Hi, I'm Marcus Adams. I work in Merck's Pharmaceutical Manufacturing Division as part of the Digital Proactive Process Analytics Group. This is our mascot, Rex. See, like many things for our prehistoric friend, we were finding that the data, we could see it, was often just out of reach. And that made us sad. Now we work to get that data into the hands of our scientists and engineers at our manufacturing sites around the world.
I am incredibly honored to be here with you today. I've had the privilege of attending RStudio Conf in the past, and I've always found it to be an incredibly enriching experience. You get to hear about exciting new ways people are using the R language. You get to have great conversations with wonderful members of the R community. And you get to take bets on who will have the longest line at the book signing event. Hint, in 2020, it was not Hadley and Chukow. Unfortunately, I can't help you with any of these things.
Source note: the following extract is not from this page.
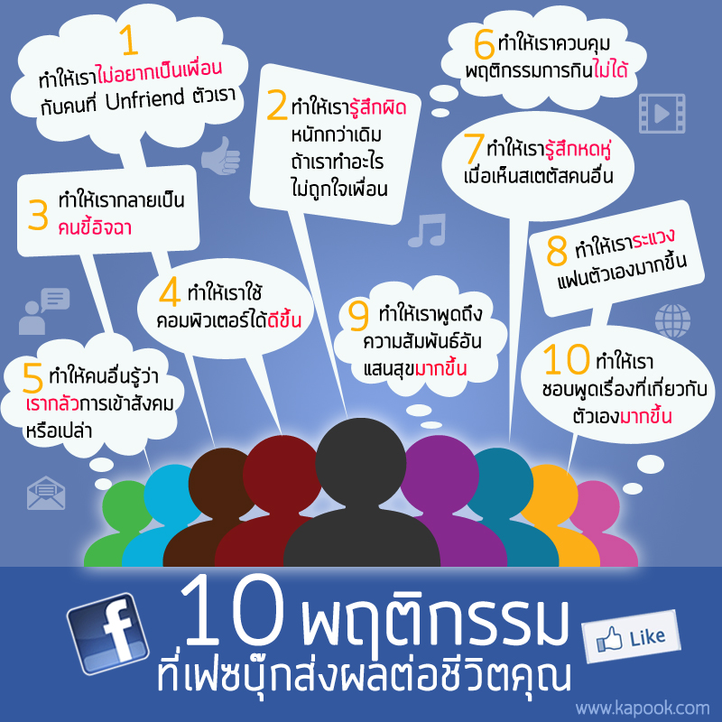 10 พฤติกรรมเฟซบุ๊กที่ส่งผลต่อชีวิตคุณ อัปเดตล่าสุด 22 ตุลาคม 2556 เวลา 23:08:47 12,694 อ่าน

In fact, I'm about to show you possibly the world's most boring Shiny app. But it is a Shiny app in production.
Here it is. Text input box, paste in our search. Could have uploaded it. Too fancy. Lock it. Check the sand text. Great. Click a button and wait some more. I could sing for you, but my go-to karaoke song is Rap God, which is six minutes, and we shouldn't wait that long. Great. It's done. Click a button. Download the PDF. Here it is. Here's our report. Here's our table of contents. Quality attributes. Skip to the first one. It's our control chart. Some run rules. Summary statistics. And histograms. Look at the distributions before and after a process change.
And I know. Why am I showing you this? This is R Markdown 101. Creating a PDF report? Are you kidding me? That's not what's important for us. What was important for us was that this is saving tens of thousands of hours each year, the equivalent of millions of dollars in productivity. More important is that engineers and scientists can now use those hours for much higher value activities instead of just doing rote data polls and visualization. Most importantly, this is what our sites needed. When we went out to one of our largest manufacturing sites in Singapore, they told us, we can't even think of supporting an advanced analytics project. We need to get resources off of required activities like CPV. CPV is a continuous process verification report you just saw. And that report is considered GMP. If you're not from pharma, that means it adheres to good manufacturing practices. In other words, this is the kind of data and reporting that we would submit to the FDA and other regulatory agencies around the world. This is the kind of data and reports we would use to make release decisions that can have impact on millions of patients around the world.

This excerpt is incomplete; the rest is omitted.